Use quadratic programming to solve!
Additional knowledge: https://en.wikipedia.org/wiki/Quadratic_programming
Quadratic programming (QP) is a special type of mathematical optimization problem--specifically, the problem of optimizing (either minimzing or maximizing) a quadratic function of several variables subject to linear constraints on these variabl Es.
Problem formulation:
The quadratic programming problem with n variables and m constraints can formulated as follows. Given:
A real-valued, n-dimension vector c;
An nxn-dimensional real symmetric matrix Q;
An mxn-dimensional real matrix A;
An m-dimensional real vector b,
The objective of quadratic programming is to find a n-dimensional vector x, that would
Minimize 1/2*Q*XTX + cTx, subject to Ax≤b
The notation ax≤b means that every entry of the vector Ax are less than or equal to the corresponding entry of the vector b .

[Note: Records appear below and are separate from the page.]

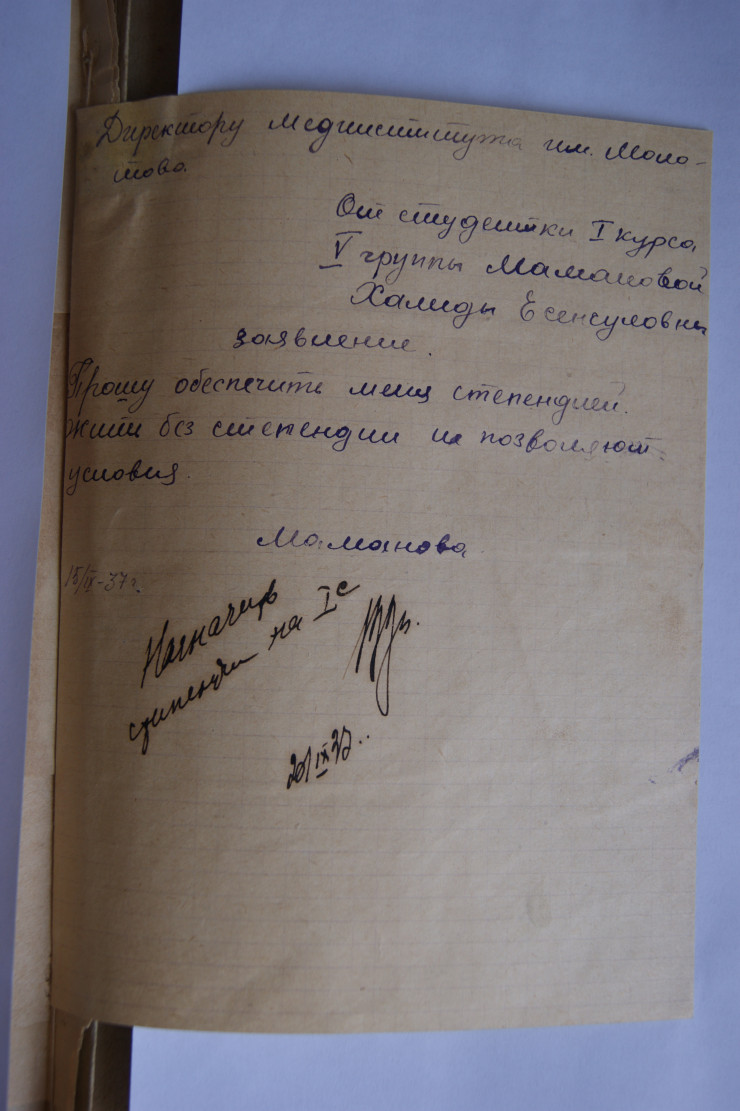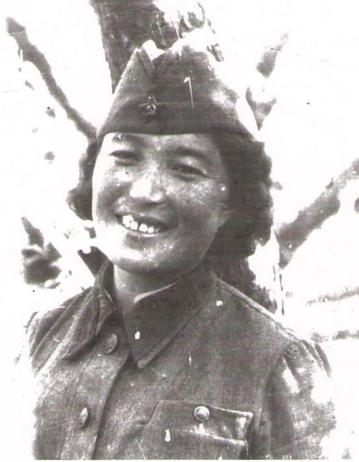 Ей должны были присвоить звание младшего лейтенанта, поскольку к тому времени у нее было высшее образование. Но из-за "байского" происхождения она не смогла попасть на фронт в качестве врача. Вместо этого ей дали лопату, поручив рыть окопы и копать могилы. Тогда девушка написала письмо Иосифу Сталину: "Если я враг народа, отправьте меня в штрафбат. Если останусь жива, то снимите все обвинения с меня и моих родственников". После этого письма ей удалось добиться отправки на фронт лично по приказу генералиссимуса.
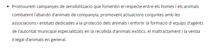 Jutgin vostès mateixos. A mi en general em sembla molt vague, poc concret, poc directe i en definitiva poc valent. L’únic que en destacaria, per destacar-ne alguna cosa, és això d’intensificar les campanyes d’adopció d’animals.
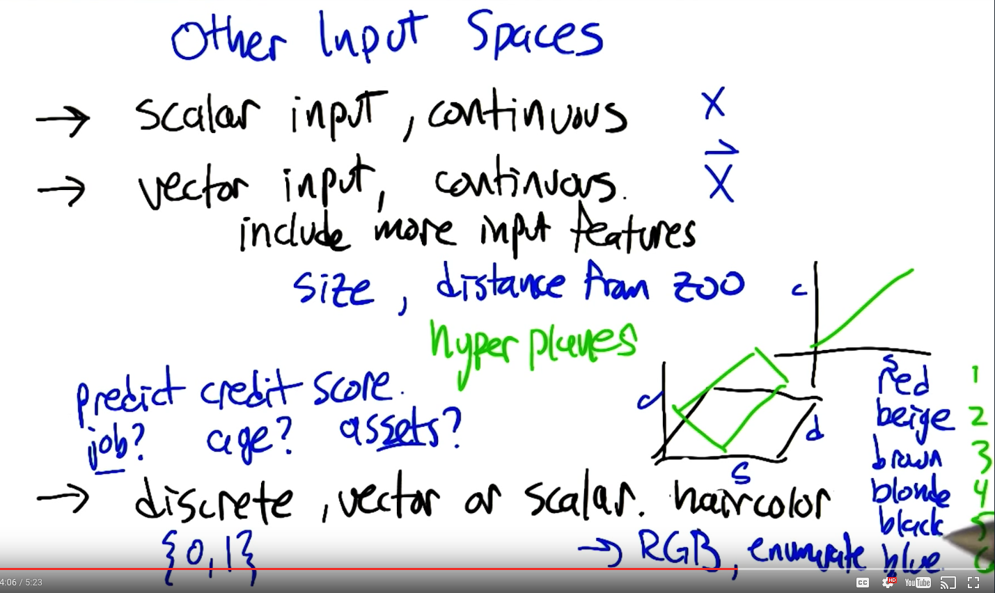 For input, what we talked before are scalar input, continuous. That is exactly the x. What about the vector input? We can include more input features, but how do we do that?

To change the equation we want to solve into a standard two-time programming problem style, the QP program will give me an answer.
So summarize the solution process:
Hard-margin means that all points are strictly separated. Without this strict line, there is no solution.
If you raise the line dimension to a hyperplane:
SVM can be seen as a regularization explanation:
On the other hand, SVM by adjusting "fat thin" size, in fact, can indirectly do VC dimension adjustment.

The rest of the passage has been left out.